- Activity: Starting at the line that contains "We are going", reproduce only the lines through the end of the data, exactly, including both the first and the last; skip the pictures.

- Data:
════════════════
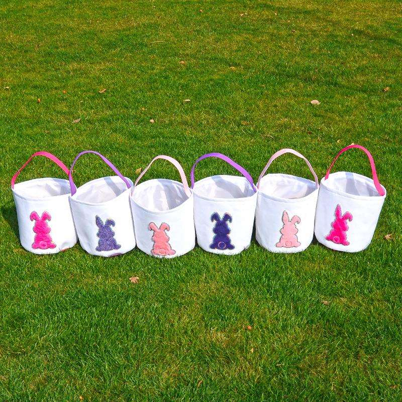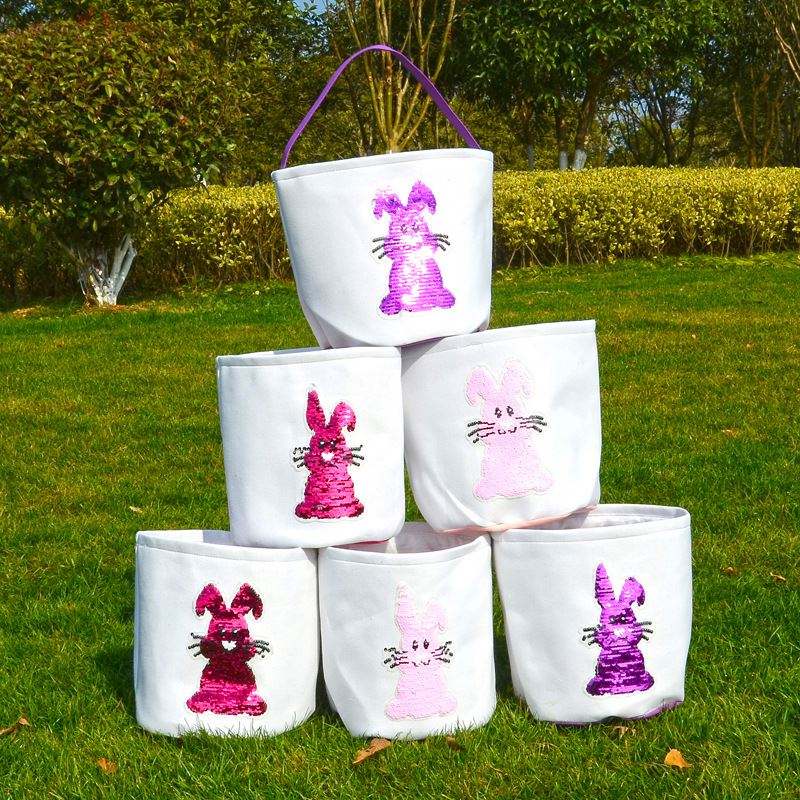 Car Sequin Shining Patch Plush Rabbit Pattern Canvas Egg Basket Handbag Easter Gift Bag Customization
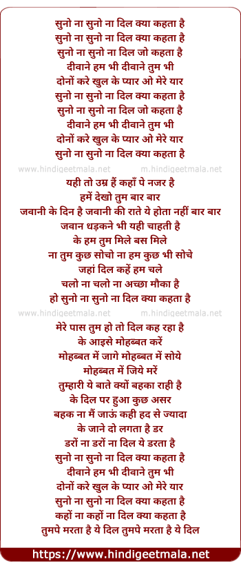 Lyrics of Suno Na Dil Kya Kehta Hain - सुनो ना दिल क्या कहता है
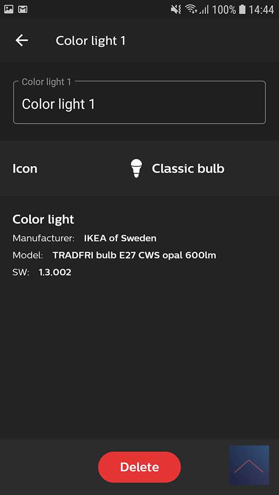 We are going to add the Ikea Tradfri lamp and these also work via the Zigbee protocol. The Ikea lamp is a cheaper alternative and good to use without the need for the Ikea controller. You can add the Ikea lamp by switching it off and on three times. You will then see that the lamp turns on and off again and is in setup mode. The Bridge did not find it the first time, but after the second search and putting the lamp in setup mode, the Bridge adds it nicely:
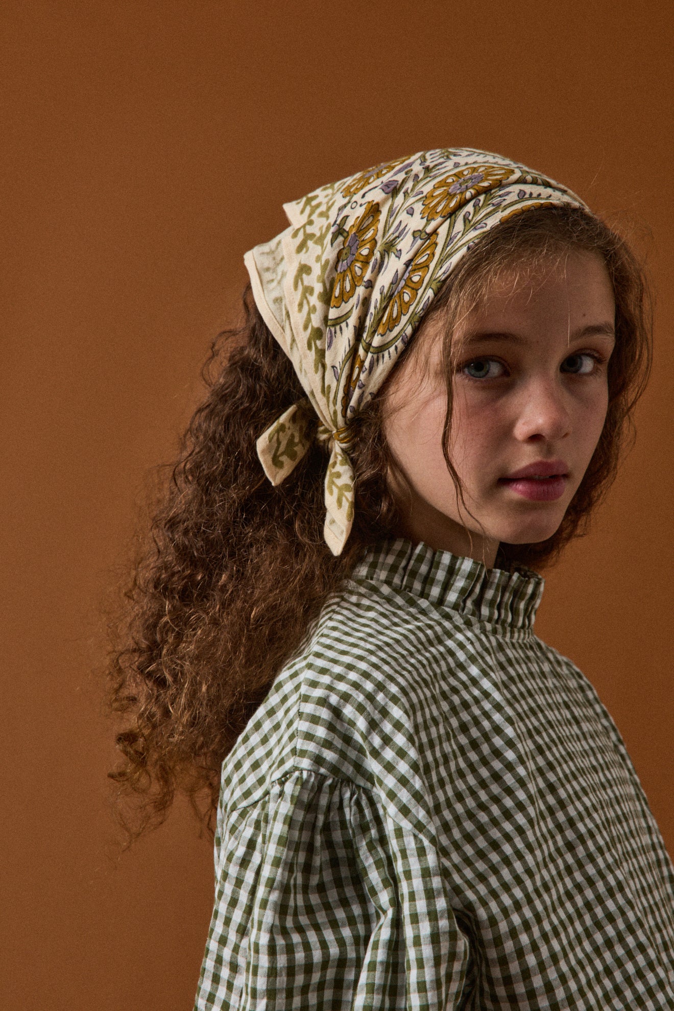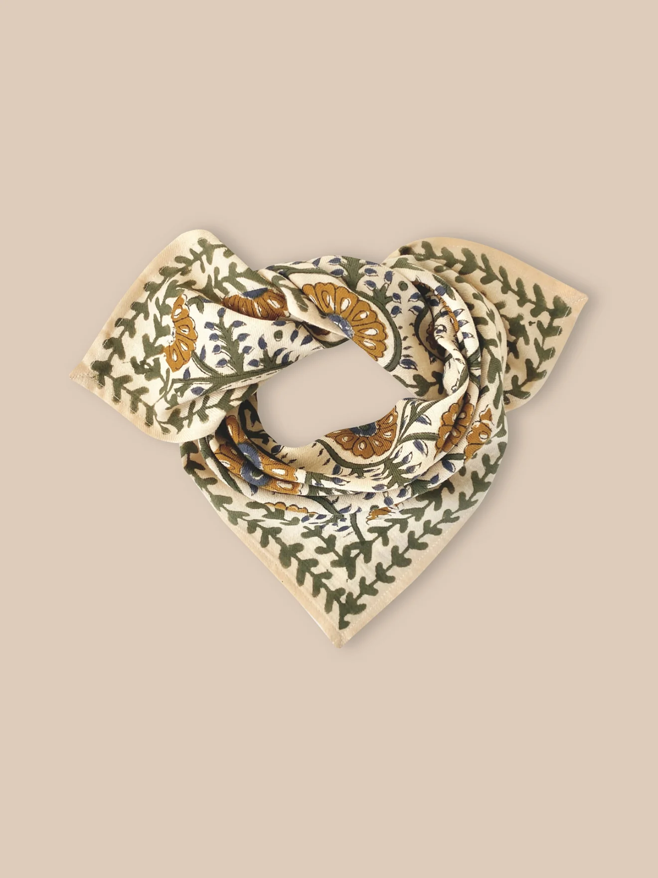 Foulard en coton confectionné artisanalement grâce à la technique indienne du block-print*. Ses couleurs sont réalisées à partir de pigments naturels. Cette confection manuelle peut entraîner certaines « irrégularités » dont nous aimons le charme.
════════════════
- Task result:
 We are going to add the Ikea Tradfri lamp and these also work via the Zigbee protocol. The Ikea lamp is a cheaper alternative and good to use without the need for the Ikea controller. You can add the Ikea lamp by switching it off and on three times. You will then see that the lamp turns on and off again and is in setup mode. The Bridge did not find it the first time, but after the second search and putting the lamp in setup mode, the Bridge adds it nicely:
 Foulard en coton confectionné artisanalement grâce à la technique indienne du block-print*. Ses couleurs sont réalisées à partir de pigments naturels. Cette confection manuelle peut entraîner certaines « irrégularités » dont nous aimons le charme.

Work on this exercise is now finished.